SUPPLIED INFORMATION -
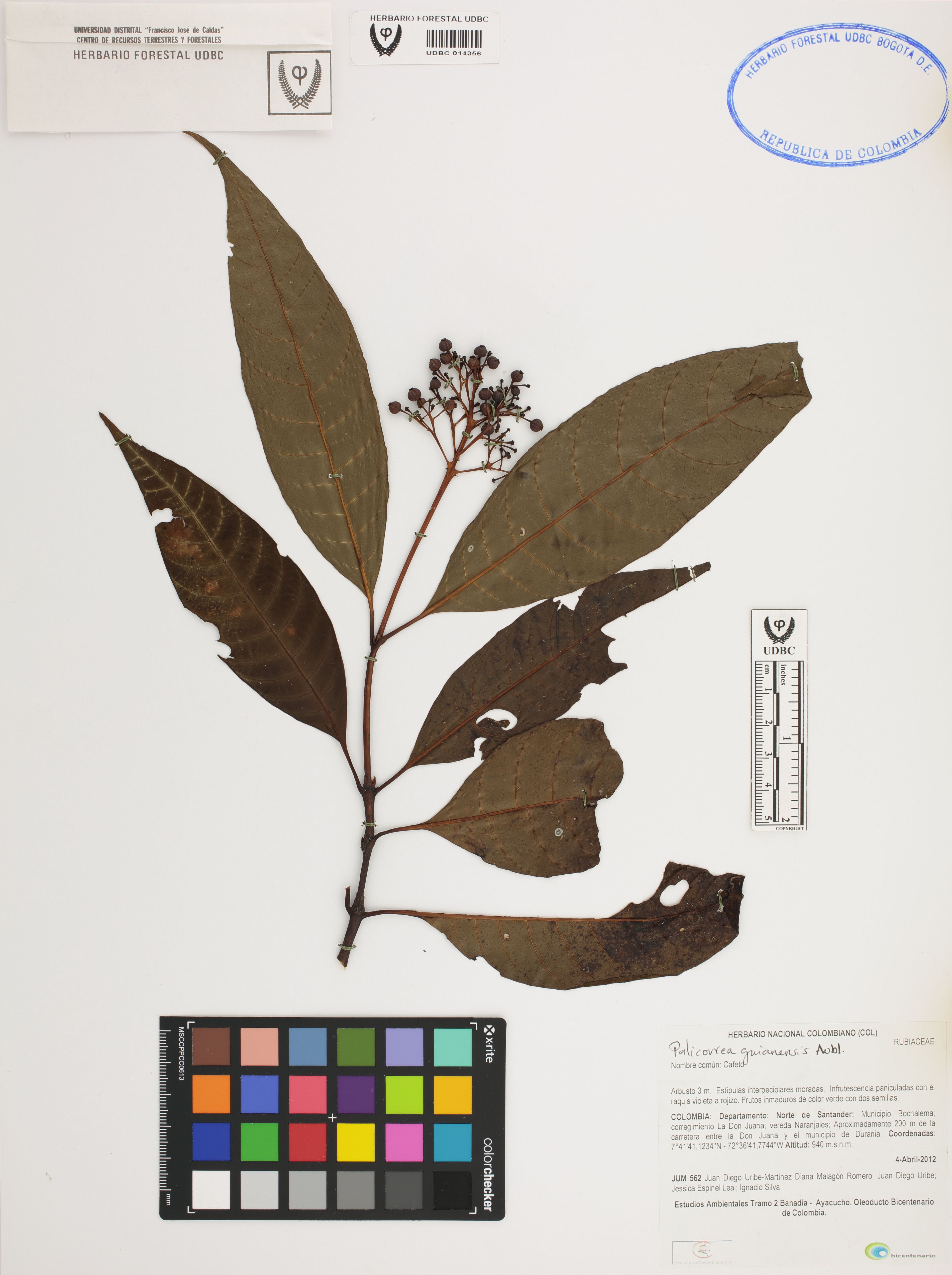Fotografía del ejemplar Uribe-M., J. 562, determinado como Palicourea guianensis
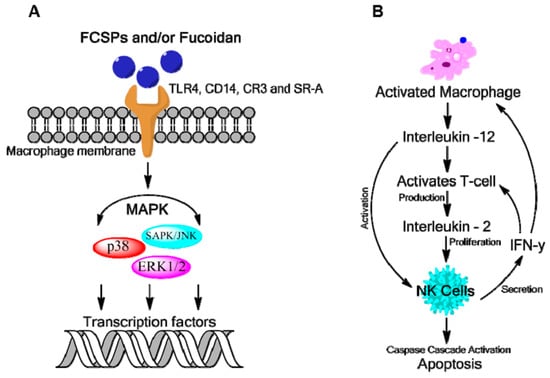 Proposed mechanism responsible for fucoidan bioactivity: (A) macrophage activation by fucose-containing sulfated polysaccharides (FCSPs) as mediated through specific membrane receptor activation, namely Toll-like receptor-4, cluster of differentiation 14, competent receptor-3, and scavenging receptor, which in turn induce intracellular signaling via mitogen-activated protein kinases (MAPKs); (B) activation of macrophages lead to the production of cytokines such as interleukins (ILs) IL-12 and IL-2 and interferon-gama (IFN-γ), which enhance natural killer (NK) cell activation that may stimulate T-cell activation further via IFN-γ. Reprinted from ref. [] under open access creative commons CC-BY license.
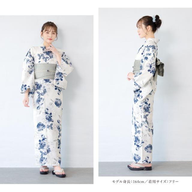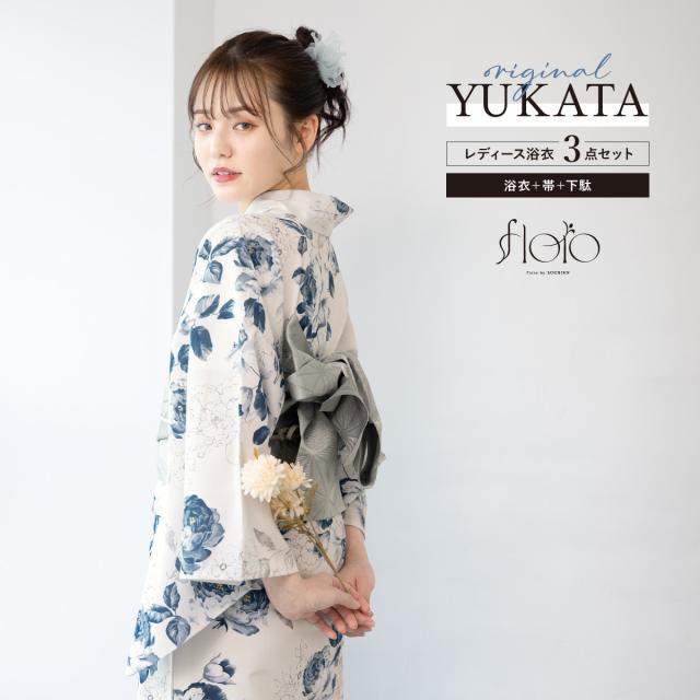 浴衣 セット レディース 浴衣セット 半幅帯 2025 floro 簡単 涼しい 白 青 紺 グレー 花 おしゃれ 可愛い 下駄 S フリー 送料無料

DIRECTIONS - Output the full listing verbatim; pictures stay out.

TASK RESULT -
Fotografía del ejemplar Uribe-M., J. 562, determinado como Palicourea guianensis
 Proposed mechanism responsible for fucoidan bioactivity: (A) macrophage activation by fucose-containing sulfated polysaccharides (FCSPs) as mediated through specific membrane receptor activation, namely Toll-like receptor-4, cluster of differentiation 14, competent receptor-3, and scavenging receptor, which in turn induce intracellular signaling via mitogen-activated protein kinases (MAPKs); (B) activation of macrophages lead to the production of cytokines such as interleukins (ILs) IL-12 and IL-2 and interferon-gama (IFN-γ), which enhance natural killer (NK) cell activation that may stimulate T-cell activation further via IFN-γ. Reprinted from ref. [] under open access creative commons CC-BY license.
 浴衣 セット レディース 浴衣セット 半幅帯 2025 floro 簡単 涼しい 白 青 紺 グレー 花 おしゃれ 可愛い 下駄 S フリー 送料無料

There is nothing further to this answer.